Creative Age Profile: Jackie Smith & The Churchill Singers

 

Jackie Smith brings a lifetime of experience to her current role, leading the sing-a-long group at the Churchill retirement residence. Jackie was a singer in various choirs from a young age. As an adult, she was musical director for school groups, and led church choirs. 

 

She was once asked to fill in for an exhausted organist at her church for a few weeks, despite the fact that she didn’t know how to play. 

 

"The organist said, 'Jackie, I'm so tired. I've held this position for so long. Could you take over for a couple of weeks to give me a rest?' And I said, 'But I don't play the organ.' And she said, 'I'll give you a few easy books.' The organist never came back, and so I ended up buying an organ, and teaching myself to play. I ended up being the organist there for seven years." 

 

When Jackie and her late husband moved in to the Churchill Residence, they were slow to get involved in any activities.
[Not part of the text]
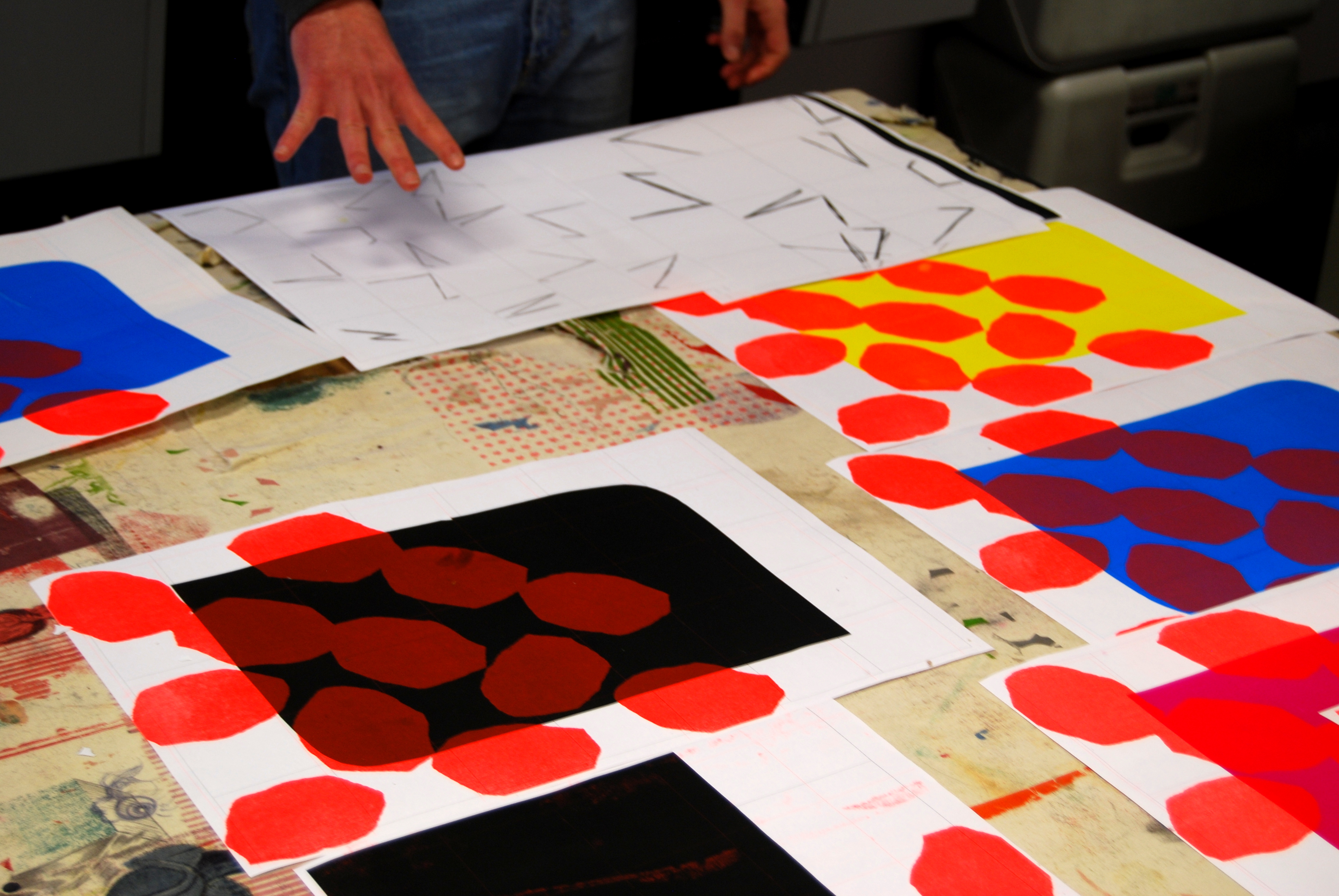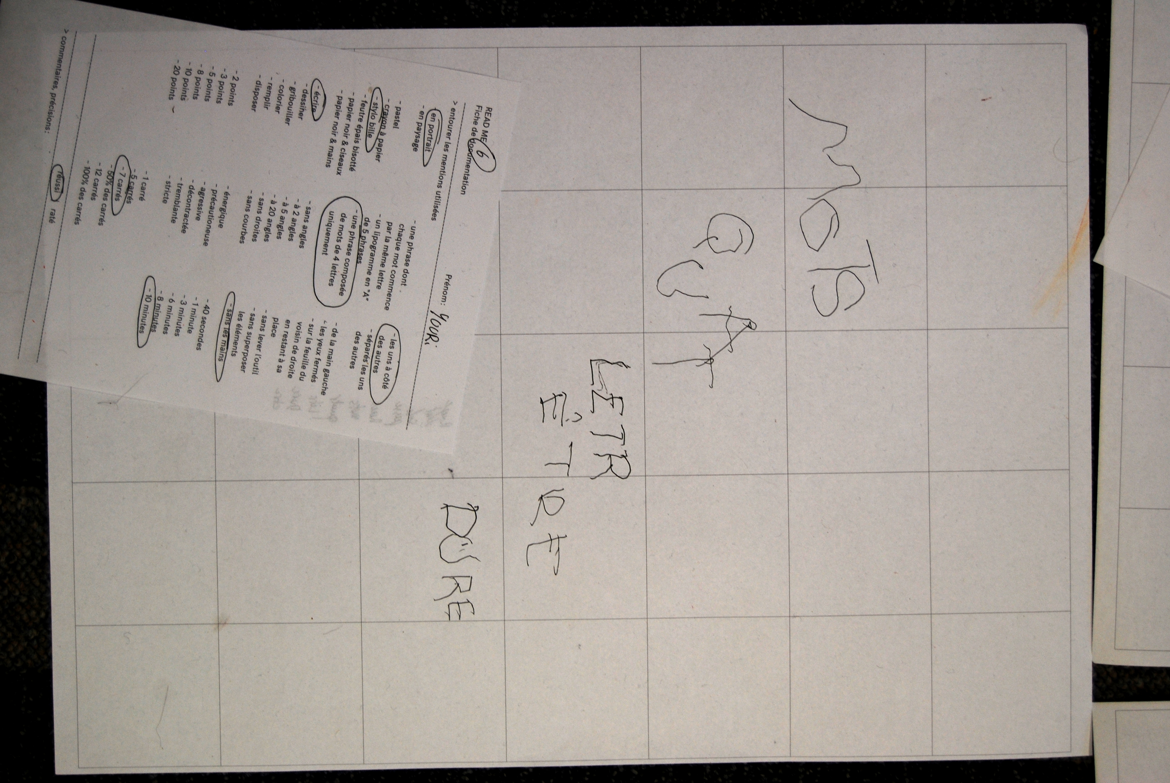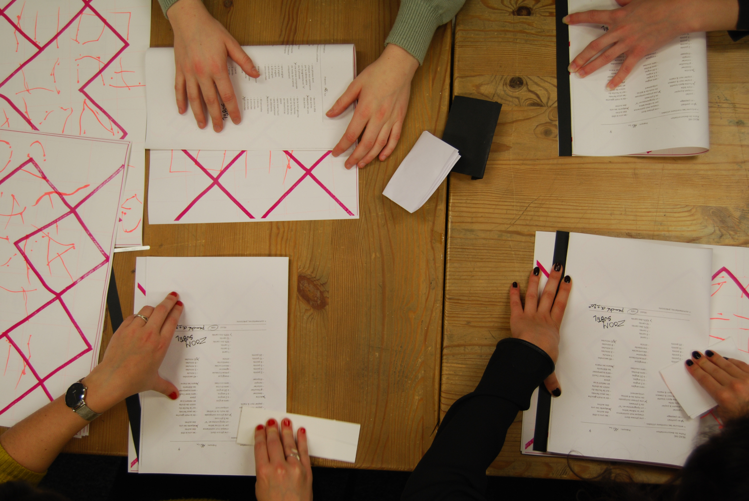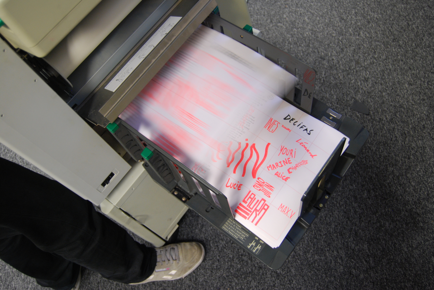 ⚀ Le but du workshop est de sensibiliser les étudiant·es à des notions que l'on retrouve dans des langages informatiques telles que les boucles et les conditions. ⚁ Le workshop se fait sans ordinateur avec un plateau de jeu sous forme de grille et une succession de règles de jeu déterminées par des lancés de dés. ⚂ À la fin de chaque "script" écrits les étudiant·es le réalisent formellement et documentent leur cheminement. ⚃ Ensuite les images sont misent en commun et les étudiant·es composent/recomposent par scans/agrandissements/négatifs et autres possibilités qu'offrent la photocopieuse laser et la Riso, un visuel en deux couleurs. ⚄ Chaque transformation est documentée sur des fiches que l'on retrouve dans la composition des visuels de l'édition. ⚅

After about a year, Jackie and a fellow resident, Lorraine, put together a program of songs for Christmas Eve. It was such a success, that her husband encouraged her to “do more of that.”

 

Jackie and Lorraine decided to start a Glee Club, with the intention of gathering folks together to sing once a week. The turnout was quite low in the first weeks of the group, and then it got back to Jackie that some people thought that the term ‘glee club’ implied that they would have to be musically proficient to join in. “They thought - 'I bet you have to be an opera singer to be a part of that!”

 

Jackie wanted to ensure that it was clear that all voices were welcome, and so the group was reborn as The Churchill sing-a-long group, and attendance grew right away. Years later, though participation waxes and wanes - due to illness, or residents moving to care facilities - there is a strong core group of singers who clearly relish the hour-long gathering every Saturday morning.

 

Jackie spends a great deal of time choosing material for each session, pouring over a sheet music library to decide the songs that best fit the group. She also takes into consideration the repertoire of the three resident pianists who take turns providing accompaniment.

 

On a chilly Saturday morning in early April, the songs range from Waltzing Matilda and a jaunty piece from Brigadoon to the 23rd psalm. Other residents and visitors gather around, drawn in by the warmth of the voices that fill the great room where the singers practice.

 

One of the members of the group enters a bit late, but in style, singing along to a well-known tune as she makes her way to her seat.

 

The sing-a-long group, now known as The Churchill Singers, give three public performances over the course of the year, for Canada Day (Canadian songwriters representing each province), Remembrance Day, and Christmas Eve.

 

This year, they will also be performing at the launch of Creative Age Edmonton’s FEST & More on June 3, at 2pm at SAGE: Seniors Association of Greater Edmonton. 

 

Betty and Lil have been regulars at the sing-a-long group since moving to the Churchill. When asked about the benefits of taking part, they said, "Being a part of the group keeps our brains moving, because we're reading music. And we come down every week to socialize." 

 

Betty adds, "Jackie is a very good coral conductor. It's more like choir practice in lots of ways. It's very good for us."

 

While it’s clear that fun and fellowship are what drives the group, Jackie does challenges the participants musically, and offers them opportunities to do harmonies, and solo performances. In between numbers, she gives insightful and clear suggestions to the singers with gentle good humour. 

 

Jackie has obviously struck just the right balance, making the experience stimulating and challenging, but also relaxed and fun. She says, "It's a good group to work with - they're friendly and kind, and they do the best they can. We just come because we want to have a good time, and sing old songs."